Wednesday, July 31, 2013

Final words at Bellingen Uniting Church.

Final reflection at Bellingen Uniting July 2013
On biblical diversity, women and men as God's image, Gay marriage and what really matters instead, not judging, and proper Christian fundamentalism.

A slightly polished up version of my spoken notes.  Not perfect by any means but good enough.

Readings Colossians 2:6-19 and The Lord’s prayer (either version)

Colossians 2:6 encourages us to continue to walk in Christ (often translated “live in”).  This travelling metaphor isn’t something the Uniting Church made up.  Jesus- follow me.  Paul talks of faith as a marathon, Colossians - walk in Christ.

Paul was always leaving messages for congregations.

What message would I want to leave with you?

What final dot points?

One is that it’s exciting, empowering, and necessary to read the scriptures, the biblical witnesses, seriously, not just devotionally and certainly not just literalistically.

To have a hard look at Colossians, for example, and notice that a lot of it doesn’t sound like Paul.  For example this next bit about the fullness of God dwelling in Christ.

In the letters which everyone does agree are written by Paul, there’s none of this divine Jesus stuff.
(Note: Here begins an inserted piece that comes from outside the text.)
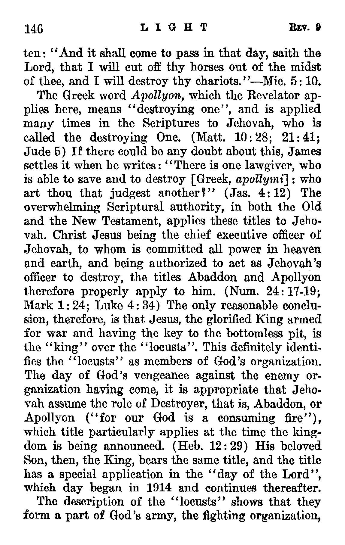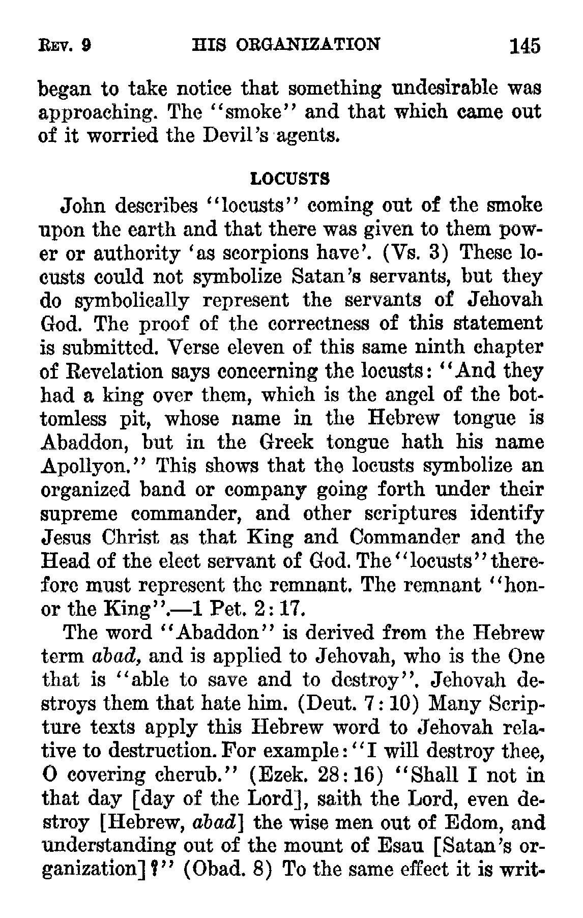Verse eleven of this same ninth chapter of Revelation says concerning the locusts: "And they had a king over them, which is the angel of the bottomless pit, whose name in the Hebrew tongue is Abaddon, but in the Greek tongue hath his name Apollyon." [...] The word "Abaddon" is derived from the Hebrew term abad, and is applied to Jehovah, who is the One that is "able to save and to destroy". Jehovah destroys them that hate him. (Deut. 7:10) Many Scripture texts apply this Hebrew word to Jehovah relative to destruction. For example: "I will destroy thee, o covering cherub." (Ezek. 28:16) "Shall I not in that day [day of the Lord], saith the Lord, even destroy [Hebrew, abad] the wise men out of Edom, and understanding out of the mount of Esau [Satan's organization] '" (Obad. 8) To the same effect it is written: "And it shall come to pass in that day, saith the Lord, that I will cut off thy horses out of the midst 01 thee, and I will destroy thy chariots.' '-Mic. 5:10. The Greek word Apollyon, which the Revelator applies here, means "destroying one", and is applied many times in the Scriptures to Jehovah, who is called the destroying One. (Matt. 10:28; 21:41; Jude 5) If there could be any doubt about this, James settles it when he writes: "There is one lawgiver, who is able to save and to destroy [Greek, apollymi] : who art thou that judgest another ?" (Jas. 4:12) The overwhelming Scriptural authority, in both the Old and the New Testament, applies these titles to Jehovah. Christ Jesus being the chief executive officer of Jehovah, to whom is committed all power in heaven and earth, and being authorized to act as Jehovah's officer to destroy, the titles Abaddon and Apollyon therefore properly apply to him. (Num. 24:17-19; Mark 1: 24; Luke 4: 34) The only reasonable conclusion, therefore, is that Jesus, the glorified King armed for war and having the key to the bottomless pit, is the "king" over the "locusts". This definitely identifies the "locusts" as members of God's organization. The day of God's vengeance against the enemy organization having come, it is appropriate that Jehovah assume the role of Destroyer, that is, Abaddon, or Apollyon ("for our God is a consuming fire"), which title particularly applies at the time the kingdom is being announced. (Heb. 12:29) His beloved Son, then, the King, bears the same title, and the title has a special application in the "day of the Lord", which day began in 1914 and continues thereafter. Source : 🇺🇸 1930 - Light, Vol 1, page 145, page 146 + Cover |

Which is why most scholars think Colossians was written later on, by someone else in Paul’s name, as Christian thinking continued to develop and diversify.  Faith is always on the move.

So we end up with the Synoptic gospels- Mark, then Matt and Luke (and Paul) in which Jesus is Messiah and Lord,  and John’s gospel and Colossians which attributes greater divinity to him.

The diversity of opinion about who Jesus is (his nature), is accompanied by diversity in opinion about what his life means.  How it all works.  As the lawyer put it to Jesus, “what must I do to inherit eternal life?”

So we have Paul: Jesus is the sacrifice for our sins.  This is magnified in Hebrews: Jesus the high priest and ultimate, perfect once for all sacrifice.  We have John: the need to believe in his name.  And the synoptics, Jesus puts it quite differently.

The lawyer asked, “what must we do to be saved?”  Jesus’ answer:   Love God, self and neighbour.  Do this and you shall live. 
In the Lord’s prayer he says forgive others.  “Forgive us our sins,” we should pray, “ as we forgive those who are indebted to us.”

Mark, Matt and Luke all contain explicit expansions of that claim by Jesus- being forgiven is caught up in forgiving.

So, salvation: was it all done for us as a sacrifice (as Paul argues) or as a legal satisfaction in heavenly court (as Colossians says), or do we have to participate (and Jesus argues in Mark, Matt and Luke).  Is it about beliefs (John) or actions (synoptics)?

My point isn’t to settle the argument, but to remind you that the arguments are there, in scripture.  Being a disciple means joining in the argument, praying and discerning, not simply memorising answers and trying to believe them.

Of course we do have to decide, and what we decide will shape what we think the gospel is and what we are inviting people to, but we decide knowing that there is a diversity of contrary opinions, or at least other emphases.

I don’t want to settle the argument, but I will say that for the most part I’ve tried to focus on Jesus’ understanding of his nature and mission, and our responsibilities, as far as we can work that out, rather than Paul or Colossians or John.

It is strange that some churches listen far more to Paul than Jesus when they try to work out who Jesus was and the point of his life.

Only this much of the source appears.